DATA EXCERPT START

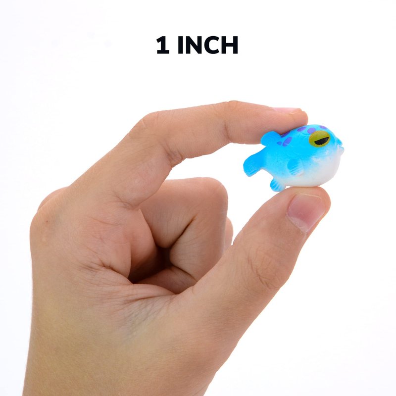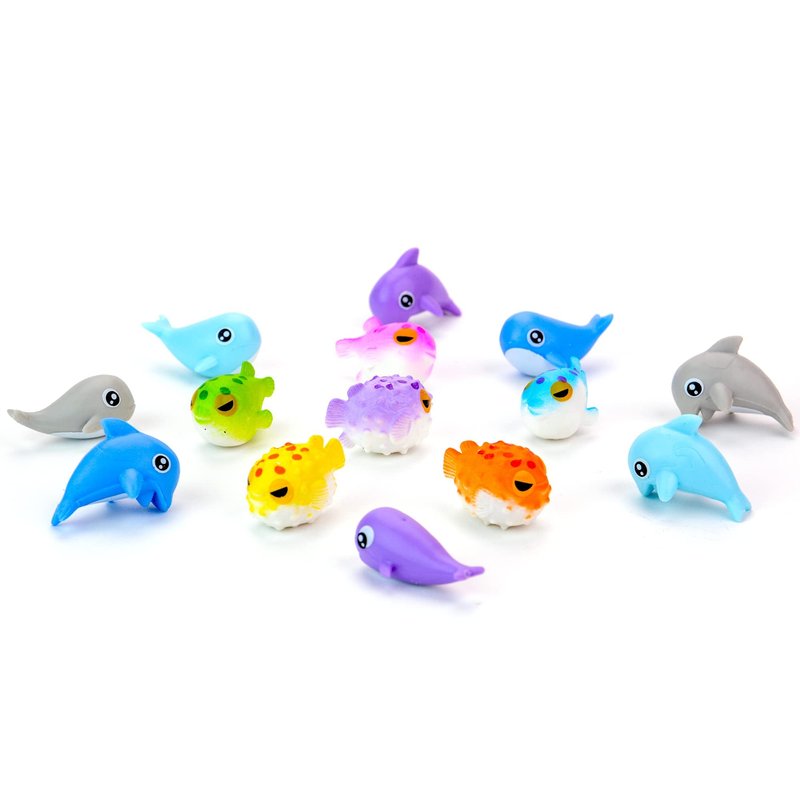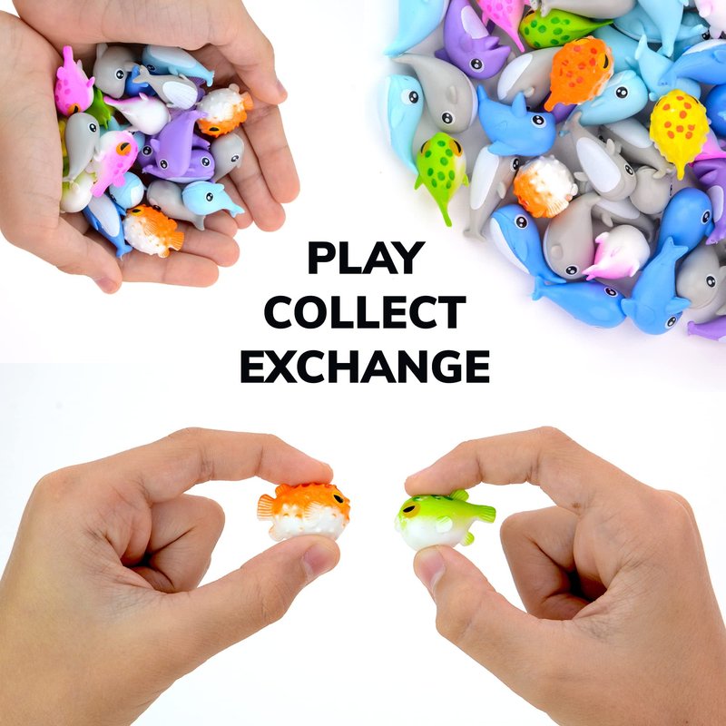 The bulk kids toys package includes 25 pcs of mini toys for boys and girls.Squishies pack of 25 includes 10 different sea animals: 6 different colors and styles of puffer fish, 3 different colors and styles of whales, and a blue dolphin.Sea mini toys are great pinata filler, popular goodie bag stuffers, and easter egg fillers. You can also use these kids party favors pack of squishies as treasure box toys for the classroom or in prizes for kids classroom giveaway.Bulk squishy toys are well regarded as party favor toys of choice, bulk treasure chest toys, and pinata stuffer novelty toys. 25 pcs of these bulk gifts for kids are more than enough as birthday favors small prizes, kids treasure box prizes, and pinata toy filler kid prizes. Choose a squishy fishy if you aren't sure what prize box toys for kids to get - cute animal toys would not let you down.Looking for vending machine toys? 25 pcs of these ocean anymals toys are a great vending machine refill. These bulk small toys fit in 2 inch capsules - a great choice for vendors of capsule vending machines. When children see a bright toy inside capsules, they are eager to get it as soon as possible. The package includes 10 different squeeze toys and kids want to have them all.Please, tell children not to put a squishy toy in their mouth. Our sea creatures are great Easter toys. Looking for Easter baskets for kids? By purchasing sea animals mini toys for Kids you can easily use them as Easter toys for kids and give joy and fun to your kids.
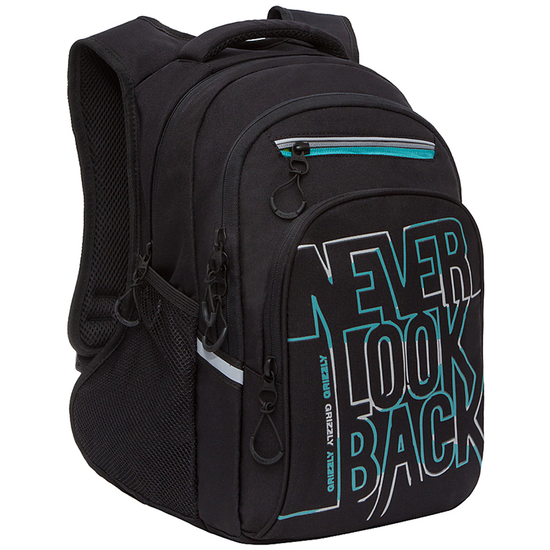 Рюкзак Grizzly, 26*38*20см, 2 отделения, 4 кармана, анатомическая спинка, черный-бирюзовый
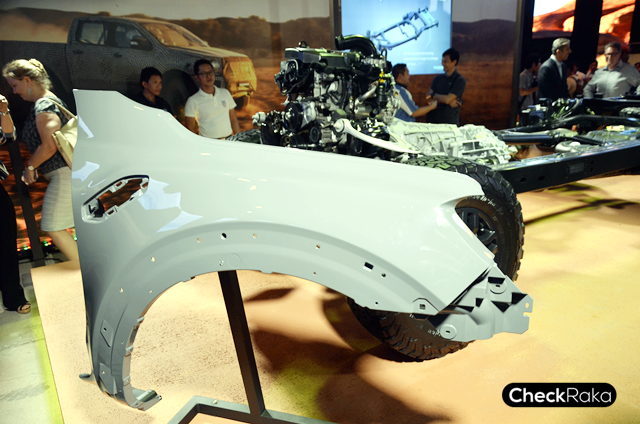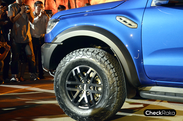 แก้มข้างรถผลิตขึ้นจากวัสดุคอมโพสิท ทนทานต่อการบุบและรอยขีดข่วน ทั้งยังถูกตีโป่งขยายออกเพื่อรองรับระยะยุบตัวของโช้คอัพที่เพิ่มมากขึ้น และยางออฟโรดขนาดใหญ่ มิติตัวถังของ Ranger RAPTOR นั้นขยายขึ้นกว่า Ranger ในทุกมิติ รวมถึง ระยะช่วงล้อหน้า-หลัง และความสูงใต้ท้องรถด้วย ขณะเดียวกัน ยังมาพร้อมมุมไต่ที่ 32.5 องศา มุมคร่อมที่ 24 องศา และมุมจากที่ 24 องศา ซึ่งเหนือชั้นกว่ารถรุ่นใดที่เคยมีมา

DATA EXCERPT END

:: YOUR ASSIGNMENT ::
Return nothing but the lines running from the start of the data to the line with "Рюкзак Grizzly, 26*38*20см, 2", please, both ends included and no pictures.

:: EXERCISE RESULT ::
 The bulk kids toys package includes 25 pcs of mini toys for boys and girls.Squishies pack of 25 includes 10 different sea animals: 6 different colors and styles of puffer fish, 3 different colors and styles of whales, and a blue dolphin.Sea mini toys are great pinata filler, popular goodie bag stuffers, and easter egg fillers. You can also use these kids party favors pack of squishies as treasure box toys for the classroom or in prizes for kids classroom giveaway.Bulk squishy toys are well regarded as party favor toys of choice, bulk treasure chest toys, and pinata stuffer novelty toys. 25 pcs of these bulk gifts for kids are more than enough as birthday favors small prizes, kids treasure box prizes, and pinata toy filler kid prizes. Choose a squishy fishy if you aren't sure what prize box toys for kids to get - cute animal toys would not let you down.Looking for vending machine toys? 25 pcs of these ocean anymals toys are a great vending machine refill. These bulk small toys fit in 2 inch capsules - a great choice for vendors of capsule vending machines. When children see a bright toy inside capsules, they are eager to get it as soon as possible. The package includes 10 different squeeze toys and kids want to have them all.Please, tell children not to put a squishy toy in their mouth. Our sea creatures are great Easter toys. Looking for Easter baskets for kids? By purchasing sea animals mini toys for Kids you can easily use them as Easter toys for kids and give joy and fun to your kids.
 Рюкзак Grizzly, 26*38*20см, 2 отделения, 4 кармана, анатомическая спинка, черный-бирюзовый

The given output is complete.